- **Exercise**: Reproduce the lines below exactly, from the one containing "1、全国政府采购社会代理机构履约率TOP100榜单&各省分布" through the one containing "3D Navigation Map", both included. Leave out any pictures.

- **Dataset records**:
*-*-*

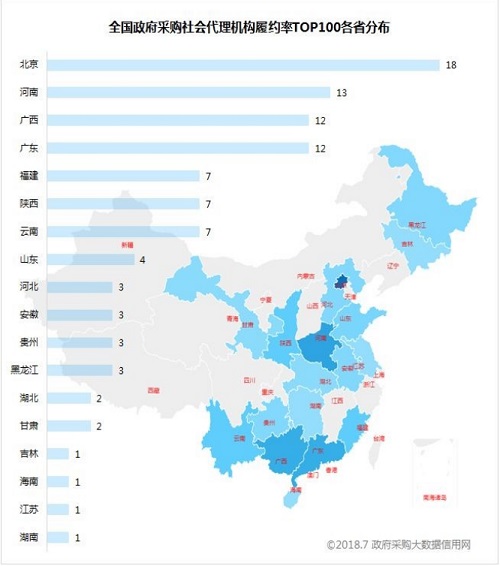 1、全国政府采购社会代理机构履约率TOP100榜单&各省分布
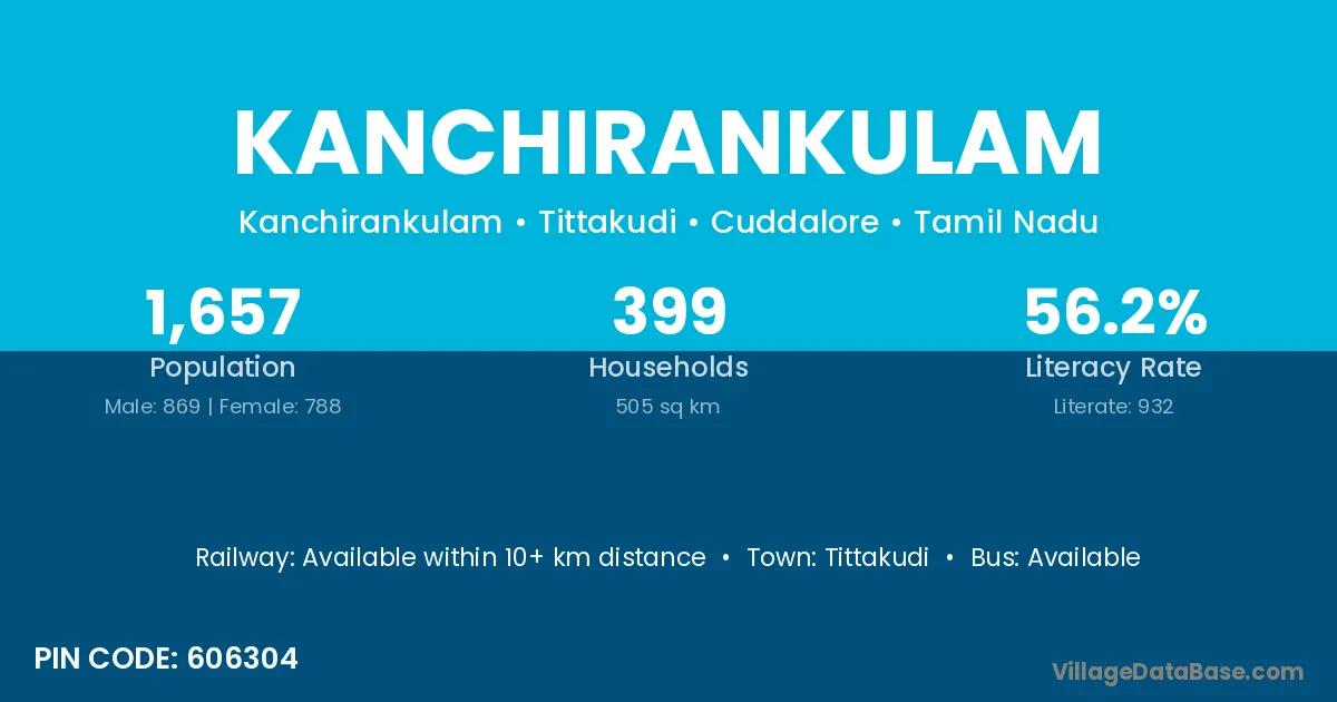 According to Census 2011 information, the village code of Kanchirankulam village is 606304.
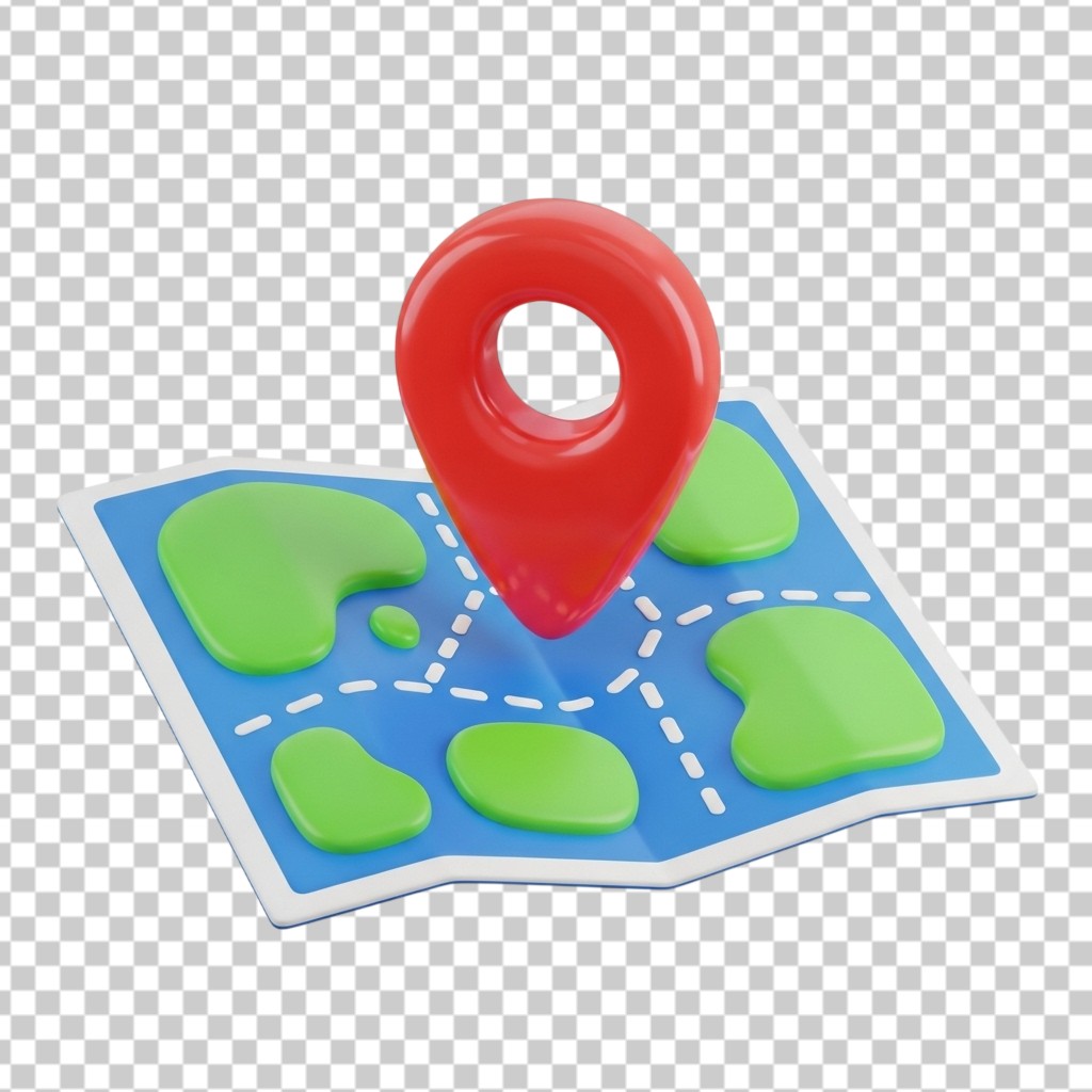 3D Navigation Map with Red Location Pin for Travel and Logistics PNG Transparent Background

*-*-*

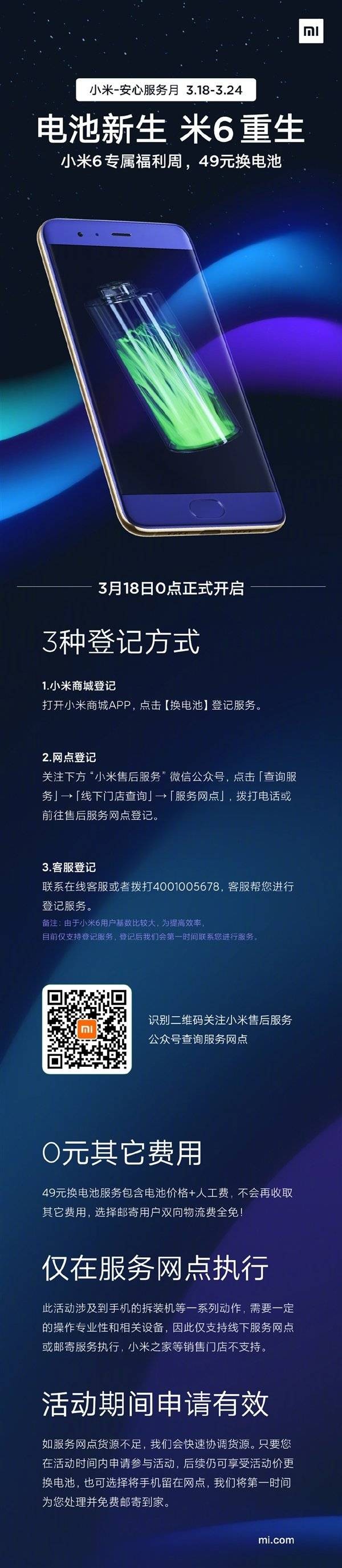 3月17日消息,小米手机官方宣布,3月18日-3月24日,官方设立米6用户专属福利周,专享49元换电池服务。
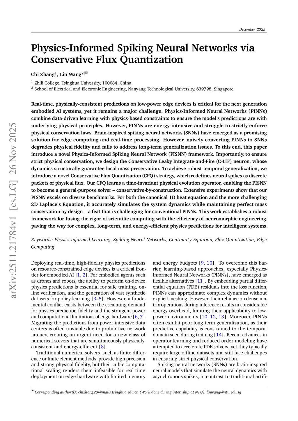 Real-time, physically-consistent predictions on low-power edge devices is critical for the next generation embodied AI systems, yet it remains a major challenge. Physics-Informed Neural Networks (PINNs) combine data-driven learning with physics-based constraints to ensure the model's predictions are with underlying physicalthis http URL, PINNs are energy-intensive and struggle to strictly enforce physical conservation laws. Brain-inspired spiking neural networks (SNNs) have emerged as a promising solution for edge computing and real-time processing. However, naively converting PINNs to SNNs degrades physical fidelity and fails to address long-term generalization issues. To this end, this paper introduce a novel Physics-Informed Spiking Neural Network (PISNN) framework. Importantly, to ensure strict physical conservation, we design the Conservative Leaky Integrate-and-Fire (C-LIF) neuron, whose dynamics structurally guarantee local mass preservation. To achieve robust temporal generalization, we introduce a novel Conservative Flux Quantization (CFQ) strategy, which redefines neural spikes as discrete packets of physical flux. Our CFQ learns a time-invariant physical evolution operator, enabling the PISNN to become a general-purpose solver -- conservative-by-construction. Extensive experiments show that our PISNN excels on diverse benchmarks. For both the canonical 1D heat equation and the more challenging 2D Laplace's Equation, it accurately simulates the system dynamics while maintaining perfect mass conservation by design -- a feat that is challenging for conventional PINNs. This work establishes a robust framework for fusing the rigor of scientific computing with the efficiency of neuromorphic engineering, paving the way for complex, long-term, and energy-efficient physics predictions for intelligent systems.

*-*-*

- **Expected answer**:
 1、全国政府采购社会代理机构履约率TOP100榜单&各省分布
 According to Census 2011 information, the village code of Kanchirankulam village is 606304.
 3D Navigation Map with Red Location Pin for Travel and Logistics PNG Transparent Background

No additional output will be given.